Rerunning a simulation of a launched r2g when there are subs will likely change the current holdings creating a lot of confusion/turnover for subs following the model.

Several designer take it upon themselves to rerun a simulation when fixes are announced, and report their findings in the model description.

As a customer you can/should ask the designer to run a current sim.

But in the end, out-of-sample is what matters and time will sort it out.

What we can say is that usually the fixes are not material to sims.

There is no easy solution and we’re open to suggestions. We could, for example, periodically run sims for every r2g and report the stats in a separate tab called ‘latest sim’

Thanks

Developers should be required to re-run simulations of their R2Gs on at least a monthly basis and report. I see a lot of R2Gs that have not been looked at for over 30 days. I have a feeling many developers just put them on set and forget. We all know things are changing over time and it is un-nerving to believe the model is not being tested regularly. This should include all the free ones.

@RJJ, what’s the point? simulation’s stats are useless for a customer. They are only useful in context, as a feedback process for the developer.

I’d like to be able to change the benchmark on existing R2G though. Many models including mine have the S&P 500 as a benchmark when we should have the Russell 2000. This is an oversight that would be good to eventually correct.

Especially so that out of sample alpha and beta can be standardized throughout R2G.

David,

I think there have been issues in the past with “last viewed”-stats. And even if designers have viewed it, it doesn’t mean they have done so for re-evaluating the model. Rather, they might review their respective port (that one which models the R2G) much more frequently and try to improve it that way. But in general I agree that more interaction between the designer and the community/sub might help to keep models cutting edge. In the end it will be like with most mutual funds, it’s a trade-off between transparency for building trust and secrecy to keep your “model ingrediants” private. OOS data will sort the wheat from the chaff.

Aurélien,
what rules do you propose to check for the benchmark? Thankfully we can roam free to build our own custom universes. I think it would hard to find the perfect match and it costs lots of time to examine the model. Maybe it would be easier to introduce a mandatory default benchmark, like the S&P 500. Fair enough, the choice will often not match the model, but at least it’s as objective as it gets.

Best,
fips

A few comment about re-running R2G Ports.

There are other reasons to pick a benchmark besides the classical comparison of a mutual fund or ETF to it’s similar index. Some of my Ports use the S&P 500 as the benchmark because it is used by the market timing rules. If I change the benchmark to reflect more closely the range of stocks the Port buys, it makes a BIG difference in the timing dates that I don’t want.

Also, some members want to compare Ports to the S&P 500 since it is viewed as the safer index for buy and hold comparisons.

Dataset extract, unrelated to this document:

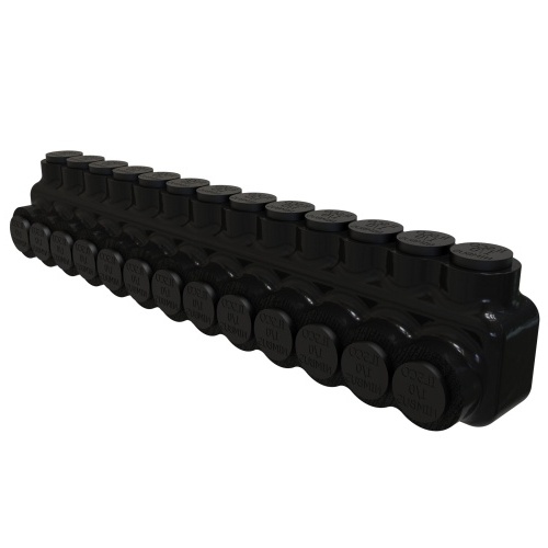 Ilsco PBTS-13-1/0 - The Nimbus Insulated Aluminum Multi-Tap Connector with 13 ports for conductor ranges 1/0-14. Tin plated, UL/CSA/NEMA rated, with 90°C temperature rating. Suitable for solid and stranded aluminum/copper conductors. Features DE-OX®, aluminum construction, and mechanical connections. Torque 45 in-lbs. Cold temperature rated to -45°C. Black color, 600V voltage rating.

Currently, a R2G designer can’t make any changes to a Port without “revising” it. That includes simply re-running it with no changes. If we do, it shows up as a revision. How do we allow re-running a Port and assure the designer didn’t “change” it?

Do we re-run the out-of-sample data also? Over time there will be data changes in that also. I see that opening a can of worms.

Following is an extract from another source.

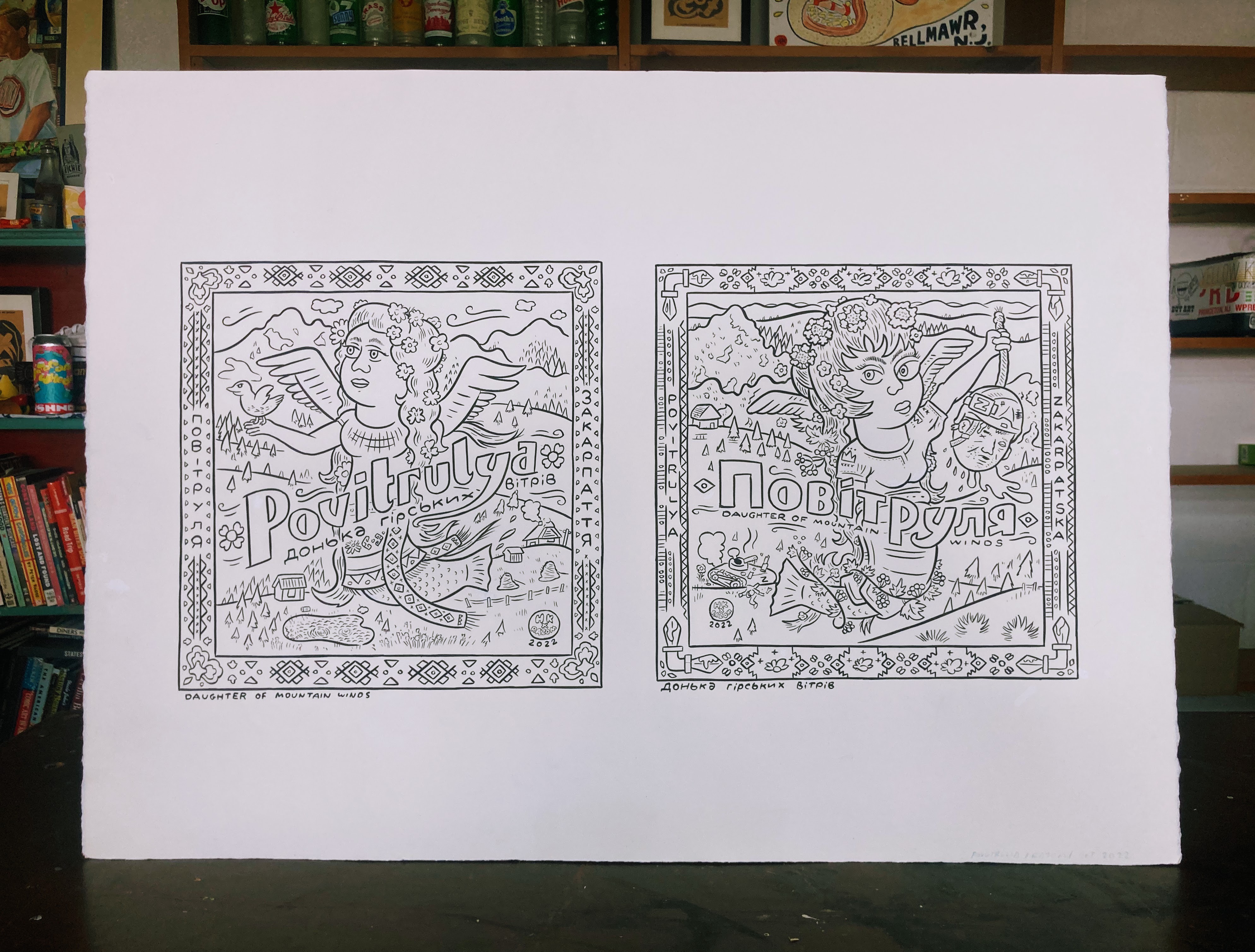 Black & White 10.5" x 21.5" artwork on 19" x 26" paper.

And how do we re-run the multiple revisions starting at the proper revision dates using the Sim that created the revision while incorporating them properly with the original pre-launch data and later revisions? Did the designer even keep a copy of all intermediate revision Sims? I see that as a bigger can of worms.

We must be careful what we ask for and/or require of the designers!

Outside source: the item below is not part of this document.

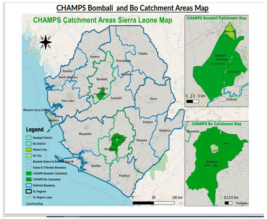 The Child Health and Mortality Prevention Surveillance Network (CHAMPS) is a global surveillance network that generates, collects, analyzes, and shares data to reduce child mortality in regions where it is highest—Sierra Leone, Mali, Nigeria, Ethiopia, Kenya, Mozambique, and South Africa in Sub-Saharan Africa; and Pakistan and Bangladesh in Asia. The first CHAMPS site in Sierra Leone is located in Bombali Shebora and Siari chiefdoms in the Bombali District (Northern Province) (Figure 1 below). The Makeni site includes parts of Makeni City (population 125,970) as well as peri-urban and rural areas (population 36,413), resulting in a total site population of 161,383 [18]. The CHAMPS catchment area makes up approximately 25% of the total district population. The estimated population of children under five years of age under surveillance in the catchment area is approximately 24,000, with an approximate under-five mortality rate of 119/1000 live births, a crude birth rate of 32.4 livebirths per 1000 population, and a fertility rate of 4.6/1000 women [18,19].

@ Denny I used to use close(0,#bench) for volatility models but switched to close(0,getseries(“$sp500”)) for exactly that reason.

Marco, I think your idea of “periodically run sims for every r2g and report the stats in a separate tab called ‘latest sim’” is a great idea. As a subscriber to P123 I would “expect” that to be done if changes are made in the background. I’m still perplexed as to why stats are locked and not updated with correct info to begin with. I don’t know how you address a change in recommended holdings if sims are re-ran but the subs have a right to know the accurate data. If I’m holding XYZ corp and come to find out it didn’t meet the rules based on “fixed” data it is not ethical to not disclose that info to me.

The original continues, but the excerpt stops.